That seems to be the crucial point. Rust is optimized for writing complex systems software in large teams. That’s not a great fit for a small team hacking on something that is at least in part an art project. You wouldn’t choose something like Ada for that either.
I've run into this in a side project I'm working on, where my indecision over which ownership models are actually workable in the API to satisfy the needs I have means almost all of the coding is spent just proving I can get an ownership model working over having a skeleton code that can do something. And still, even as lacking as functionality as this codebase is, swapping to a new ownership model takes several minutes of coding. Trying to do this kind of exploration on a codebase that has real functionality would mean spending hours of change just to move some property from here to there.
Why choose Rust if you don’t care about maintainability and long term stability? Those are core values of the language!

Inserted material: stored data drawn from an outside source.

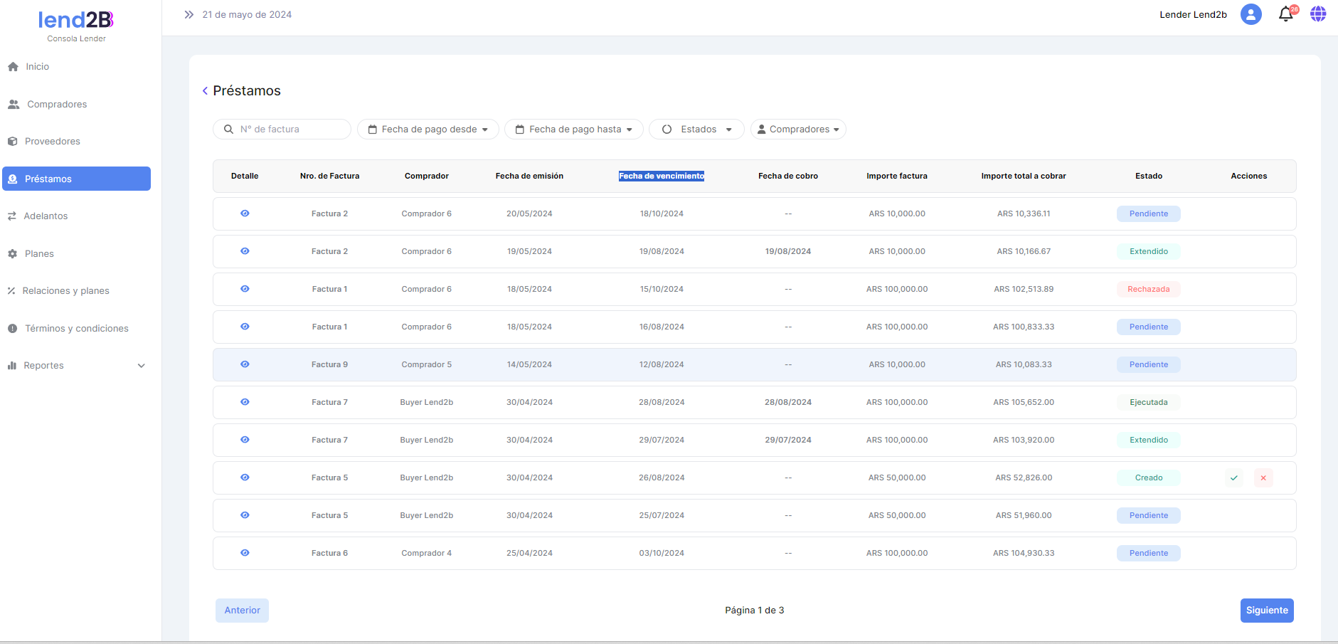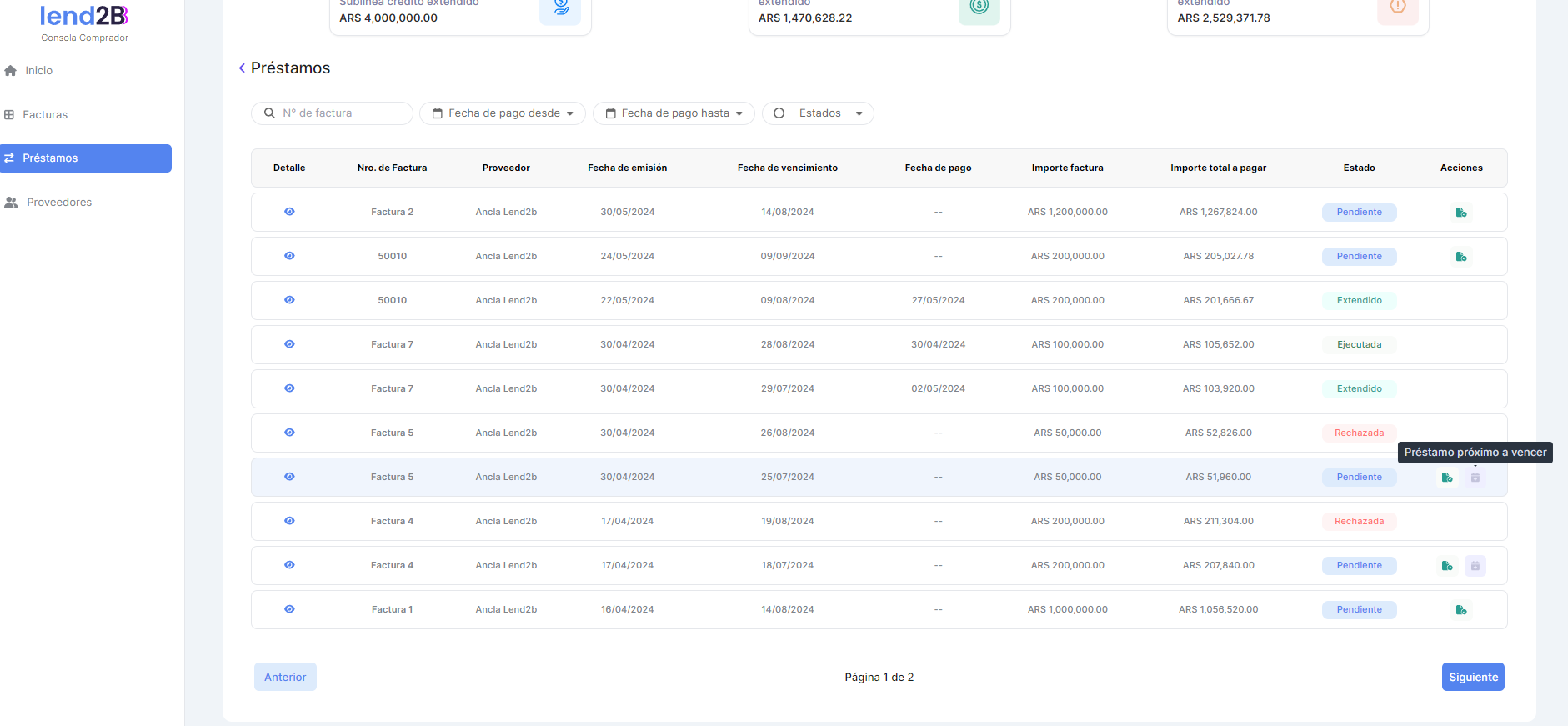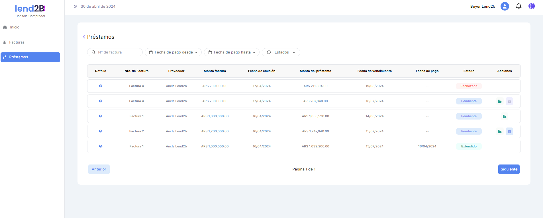 Cuando el Comprador quiere solicitar un Préstamo extendido, tal cual se desarrolló en el Sprint 18 para las refinanciaciones, el flujo de solicitud, aprobación o rechazo por parte del Lender debe estar condicionado por el impacto de la solicitud en el Disponible de la sublínea de extensiones y en el % de sobregiro definido para el Comprador.
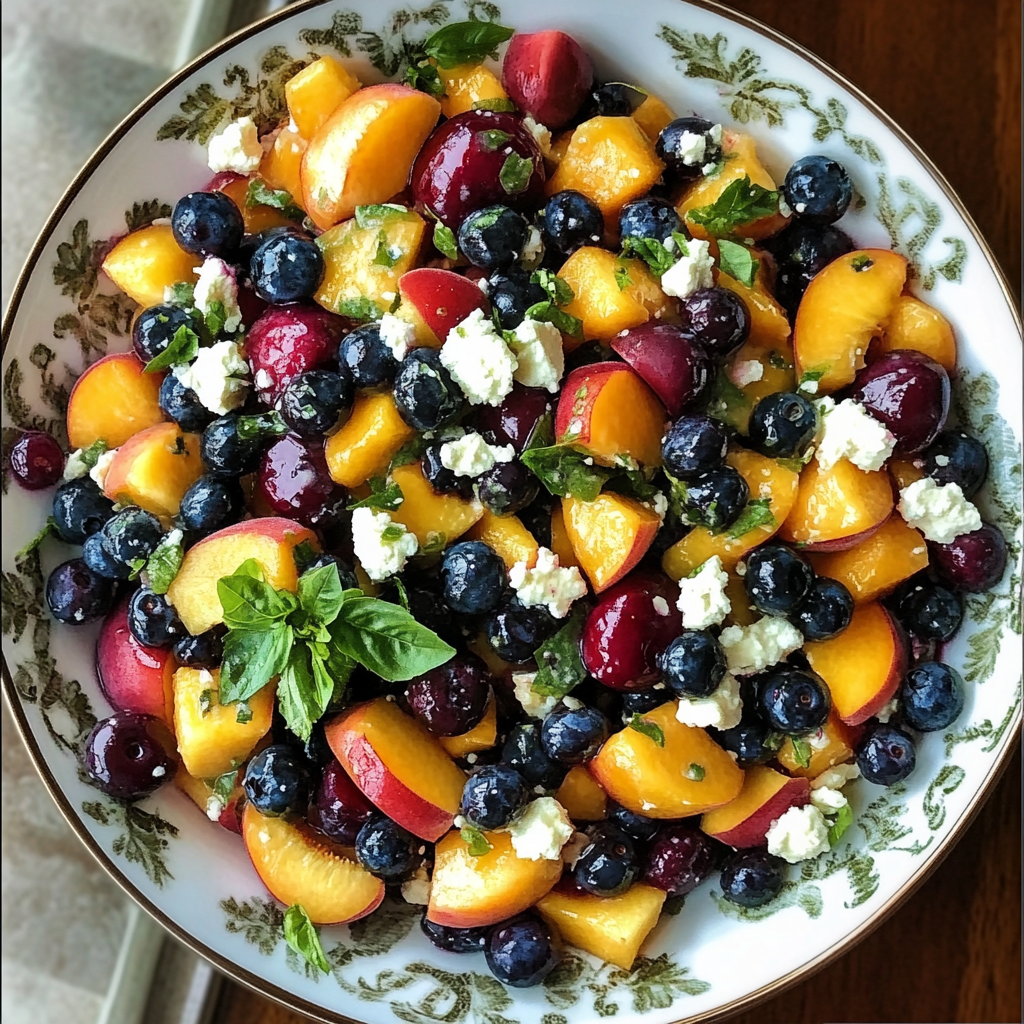 | A vibrant, sweet-and-savory summer salad featuring fresh blueberries, peaches, and feta cheese tossed in a lemon basil vinaigrette. |
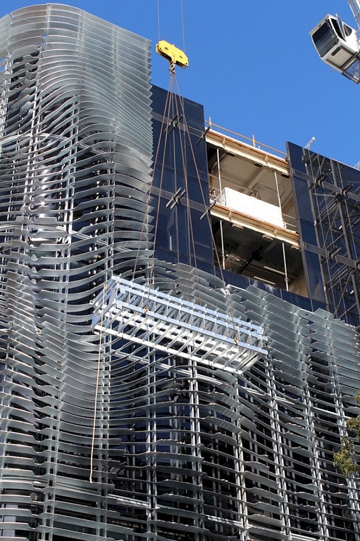 The steel sections of each louver have been shaped so that they form part of a series of 3D images that can be viewed from different angles as people walk around the building and look on from nearby buildings.

The language choice was wrong from the start. C++ is king for games so if you care more about delivering features and fast prototyping why not go with that?
Maybe Rust is not a good language for rapid iteration in the game industry. And that’s ok I think.
Personally I like Javascript
I really enjoy having automated tests and automated tests solve problems. Like, I absolutely love our molecule test suite for our infrastructure code and it gives us huge value. The smoke tests we have for the infrastructure running after deployments are amazing. It's liberating in an environment of rapid and chaotic changes everywhere, complex interdependencies, as well as pressure on top.
However, if I try to transfer that kinda approach to a game it just... fails?
But the realization is: In games, many behaviors and systems are actually far simpler and less intertwined in arcane ways, and code changes actually less frequently and dramatically than at work.
I could see structured testing in e.g. turn based strategy games and such, so you can test that the culture per turn is correctly calculated based off of many different situations and such.
But in many smaller projects I've had, you write some janky code, make sure the enemy behaves as expected... and never touch or change that piece of code ever again. And it just doesn't break, because no fundamental part below it ever changes, because then the entire house of card would fall apart.
It feels dang weird, but it works very well for smaller projects.